Mandibular distraction is done primarily for micrognathic children, although not all micrognathic children have Pierre-Robin sequence-some may have Treacher-Collins or other syndromes.
We begin distraction after three to five days.…If it’s an older child who is already trached or has a safe airway, then we can send them home on post-op day two or three, Dr. Sidman said. Distraction is done twice a day at about three-quarters of a millimeter. The parents can do the linear distraction and the otolaryngologist does the nonlinear distraction.
External distractors leave small marks on the side of the face, but there is no significant scarring, Dr. Sidman said.

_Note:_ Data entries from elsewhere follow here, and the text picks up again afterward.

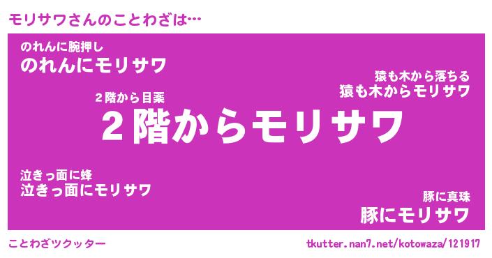 | 胡散臭い通販商品みたいなあだ名 | 『必ず成功する霊験あらたかなお札…その名も「モリサワ」』 |
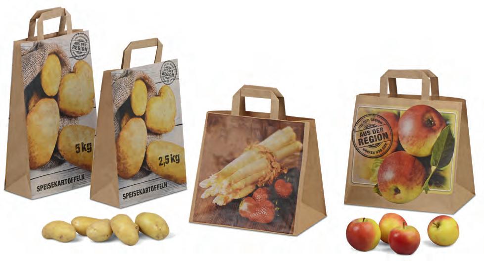Produkte aus der heimischen Landwirtschaft sind voll im Trend. Mit diesen Tragetaschen, bedruckt mit attraktiven Motiven für Kartoffeln, Äpfel und Spargel, präsentieren Sie diese besonders verkaufsfördernd.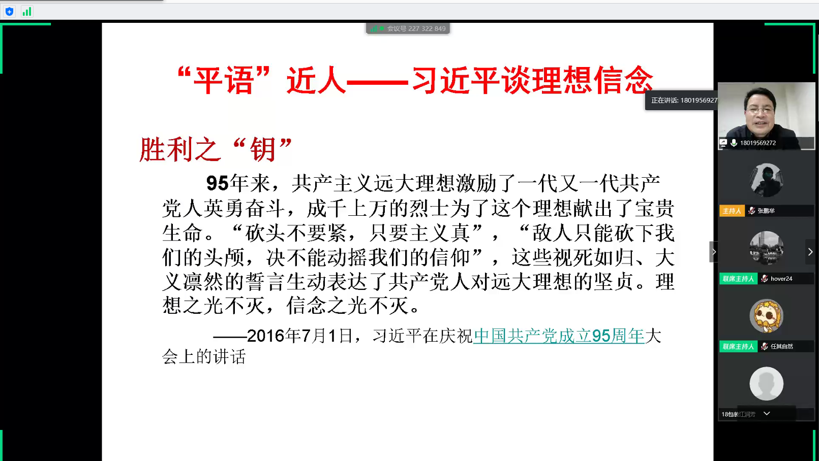 本网讯 4月10日晚,我校“青马工程-菁穗领航计划”学习班理论培训在线上举行,人文社会科学学院党委书记孙超教授为青马班学员带来了一场主题为“树立坚定的共产主义信念”的在线直播讲座,本期“青马工程”全体学员、班主任、指导老师参加了讲座,讲座由校团委副书记任琪主持。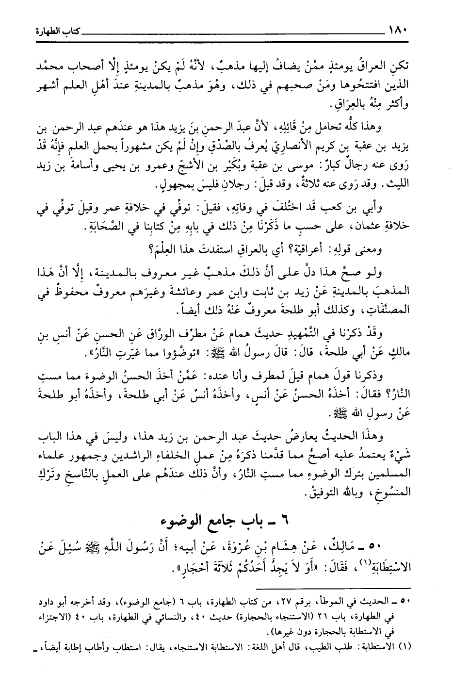 50 - مَالِكٌ عَنْ هِشَامِ بْنِ عُرْوَةَ عَنْ أَبِيهِ أَنَّ رَسُولَ اللَّهِ صَلَّى اللَّهُ عَلَيْهِ وَسَلَّمَ سُئِلَ عَنْ الِاسْتِطَابَةِ فَقَالَ ((أَوَ لَا يَجِدُ أَحَدُكُمْ ثَلَاثَةَ أحجار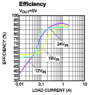 分別測(cè)試電路的輸入和輸出的電流、電壓數(shù)據(jù),并轉(zhuǎn)換成效率與輸出電流的對(duì)應(yīng)數(shù)據(jù),最后繪制成曲線: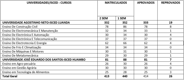 Os Cursos de Bacharelato em Ensino, desenvolvidos no quadro do projecto RETFOP, com o apoio financeiro da União Europeia, e que decorrem nas Universidades Agostinho Neto-ISCED de Luanda e José Eduardo dos Santos-ISCED de Huambo, registaram no 1º semestre do ano académico 2020/2021 uma taxa de aprovação geral de 94,1%, sendo 94.6% na UAN e 92% na UJES.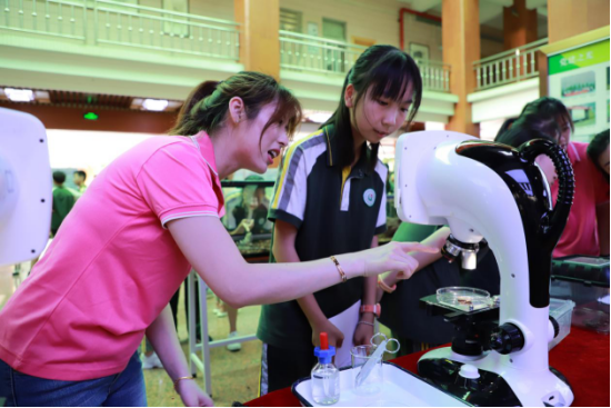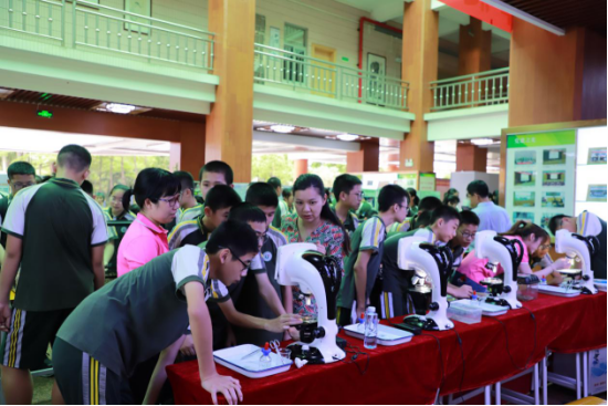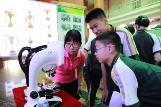 ▲学生通过显微镜观测昆虫细胞结构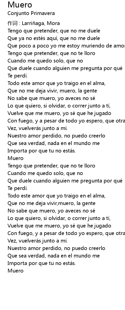 | Que poco a poco yo me estoy muriendo de amor por ti. | |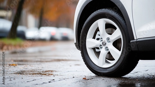 Closeup of a modern vehicle wheel on a wet street during autumn with reflections : Generative AI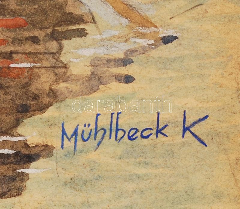 Beschreibung: Mühlbeck Károly (1869-1943): Mackó úr újabb utazásai (borítóterv). Akvarell, papír, jelzett, 25×19 cm
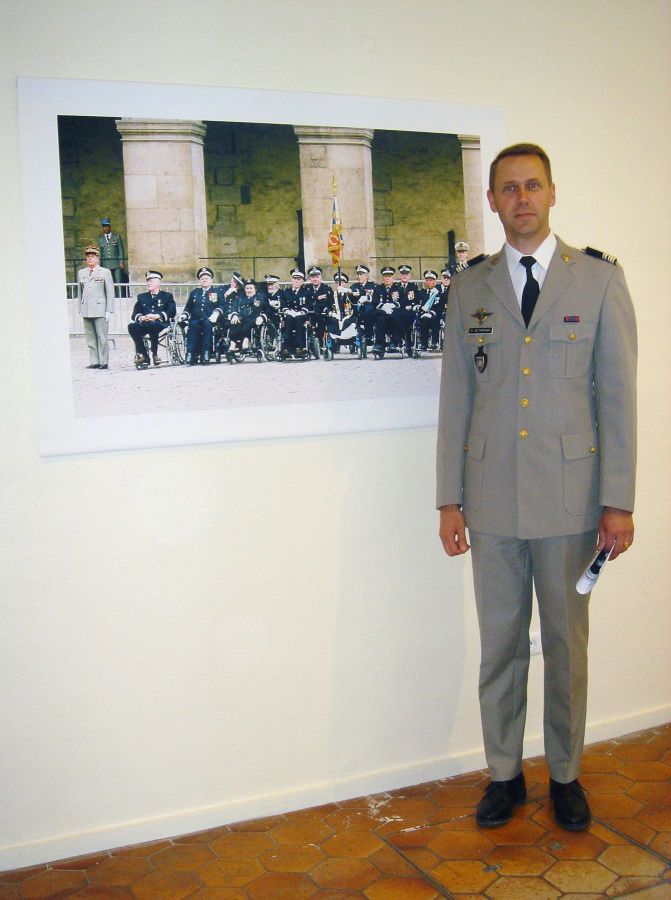 Le Colonel de Fontenay, chef de cabinet du Général Hervé Gobillard, Gouverneur des Invalides, devant un tirage sur bâche de la garde d’honneur des Invalides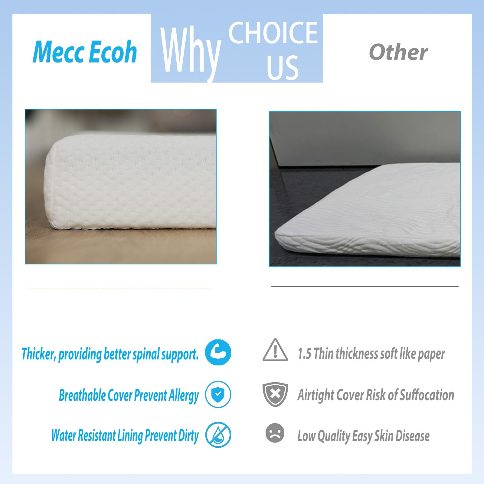 - Máxima portabilidad: perfecto para familias en movimiento, el colchón portátil Mecc ecoh Pack and Play es ligero y fácil de llevar, lo que hace que viajar y salir con tu bebé sea muy fácil.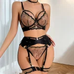 The sexy embroidery lingerie set is crafted from a blend of polyester and elastane. This combination creates a soft texture while maintaining durability and flexibility. As a result, the lingerie adapts comfortably to the body while preserving its shape.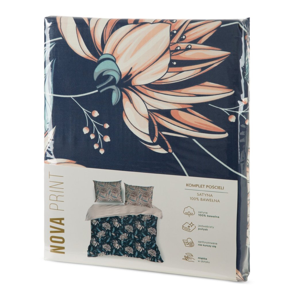 Ložní souprava NIKA je vyrobena z vysoce kvalitního bavlněného saténu s motivem květin. Moderní technika rotačního tisku zaručuje výrazný vzor a syté barvy zajišťují, že potisk neztratí na intenzitě ani po mnoha vypráních. Bavlněný satén je tkanina s charakteristickou vazbou, výjimečnou měkkostí a jemným leskem. Povlečení je opatřeno zipy krytými estetickým lemem. Šířka: 220 cm, délka: 200 cm, povlak na polštář 2 ks 70x80 cm, barva: vícebarevná, gramáž: 125 GSM, složení: 100% bavlna.Doplňkové parametry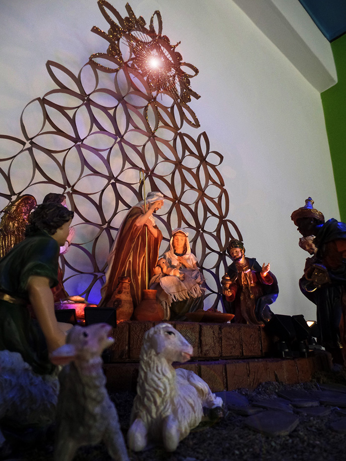 Hermosa y entrañable dulzura en la expresión de las figuras, armoniosa puesta en escena, y original utilización de los materiales , le dan a este Nacimiento una dignidad que merece la más sincera de mis felicitaciones.
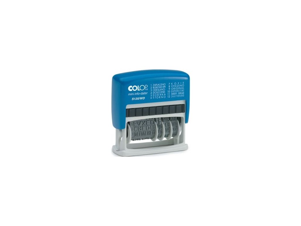 Samobarvicí datumové razítko v plastovém pouzdře z řady COLOP Mini Dater. Výška znaků 4 mm. Typ S120/WD je standartně text modře a čísla červeně v kombinaci s texty: ZAPLACENO, NEJSME PLÁTCI DPH, ODESLÁNO:, DOŠLO DNE:, DOBÍRKA, STORNO, KOPIE, VYŘÍZENO, ORIGINÁL, DOPORUČENĚ, DAŇOVÝ DOKLAD, ZAÚČTOVÁNO.Doplňkové parametry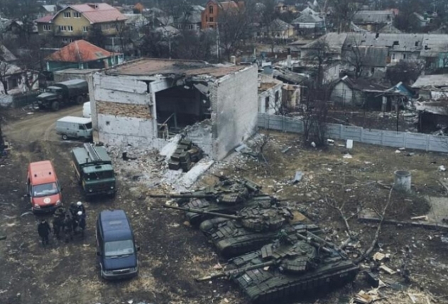 «Так, во дворе ближайшей к аэропорту девятиэтажки, точнее того, что от нее осталось, расположились три танка», - пишет агентство.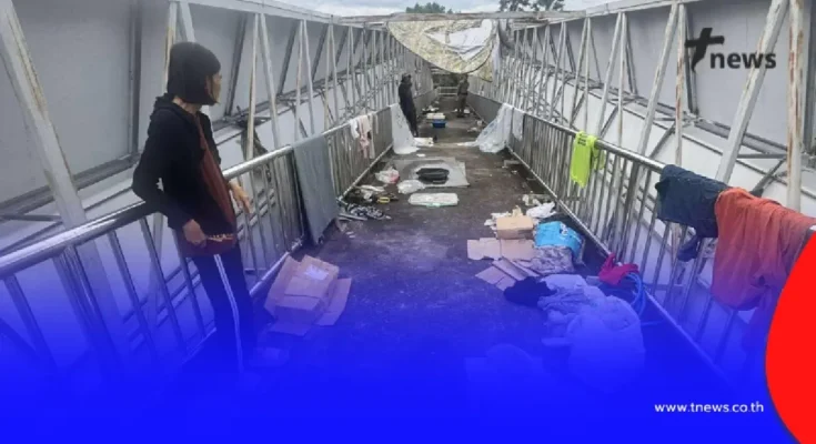 “มีบุคคลไปกางเต็นท์อาศัยอยู่บนสะพานลอยหน้าวัดประชุมคงคาราม (วัดน้ำพุง) ต.หล่มสัก อ.หล่มสัก จ.เพชรบูรณ์ ทำให้ไม่สามารถใช้สัญจรได้ โดยเฉพาะเด็กนักเรียนที่ต้องใช้สะพานลอยข้ามถนนประจำ ทั้งยังมีการตากผ้าและใช้พื้นที่เป็นที่พักอาศัยอย่างถาวร”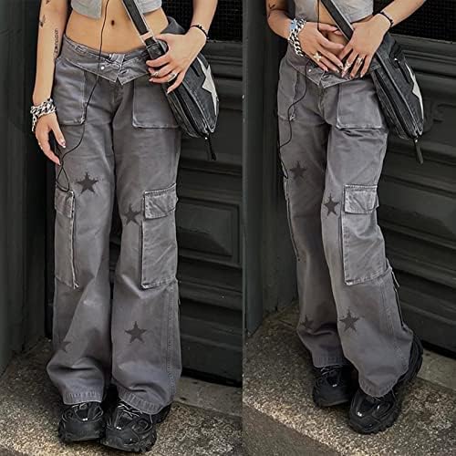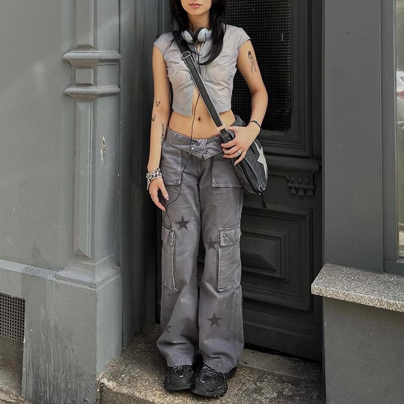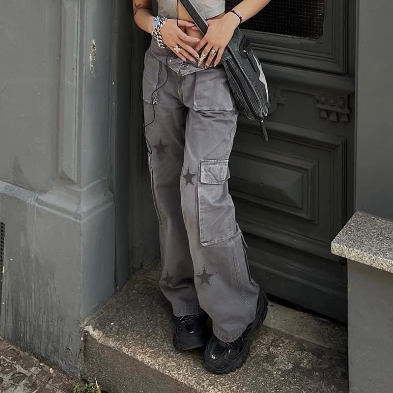 Axupico Star Pattern Cargo Pants: Women’s Harajuku Grunge Jeans with Pockets (Low Waist, Baggy Fit)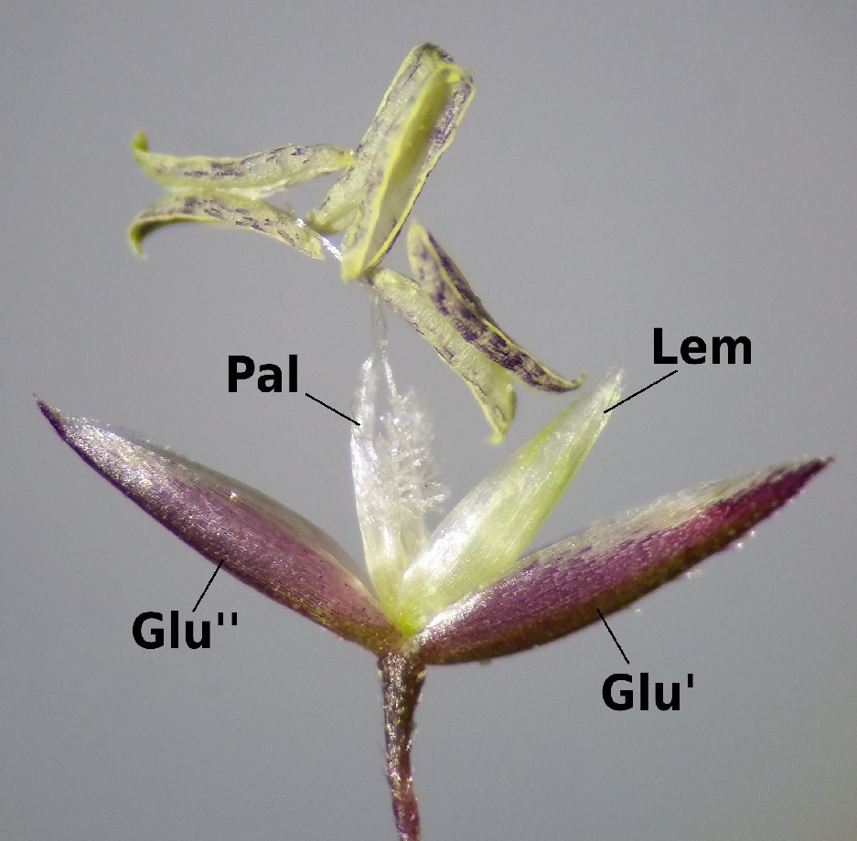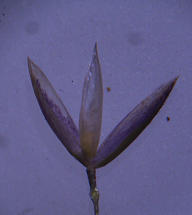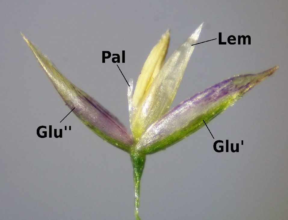 Hüllspelzen violett, häutig, fast gleich lang Deckspelzen häutig, zart ca. so lang wie die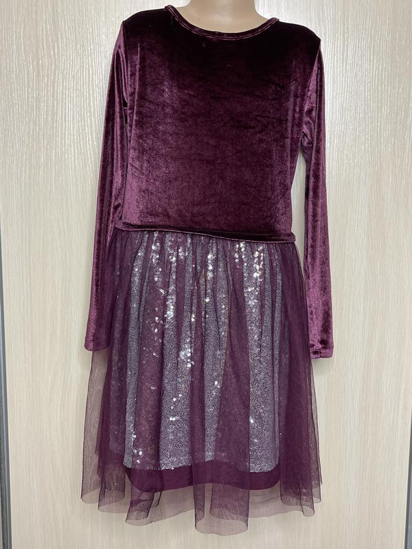 Сукня з длиным рукавом. Верх із велюру 3-х шарова спідниця Стан нової речі, тільки без бирки Колір як на фото 9-10 років Довжина 80(34). ПОГ 37. Рукав 49

The procedure can be done in children as small as 2 or 3 kg.
Midface distractions are for nasal and nasopharyngeal obstruction, but there must be adequate bone stock, and the child should be at least 4 years old.
Models help with surgical planning. The models are plastic and based on the patient’s CT scans. We use models of the facial skeleton that we operate on beforehand, and put the distractors on the models, so we have our vectors exactly planned before we operate, Dr. Sidman said.
The maxillary procedure is generally reserved for children who can’t tolerate CPAP or BiPAP, who have severe obstruction as seen through endoscopy. However, the operation is not proven long-term and there is significant relapse when there is insufficient bone stock.
Once you’ve done the distraction, consider going in and putting in either absorbable plates or long-term titanium plates to try to help hold the regenerate in position long-term, he said.
Obstruction at the Tongue Base
Obstruction at the base of the tongue is another important cause of persistent apnea. This was addressed by Sally Shott, MD, from the Cincinnati Children’s Hospital Medical Center, who described surgical interventions.
After T&A, the incidence of persistent OSA is higher in the Down syndrome population. The tongue is involved in the highest percentage-macroglossia, glossoptosis, and also enlarged lingual tonsils, she said.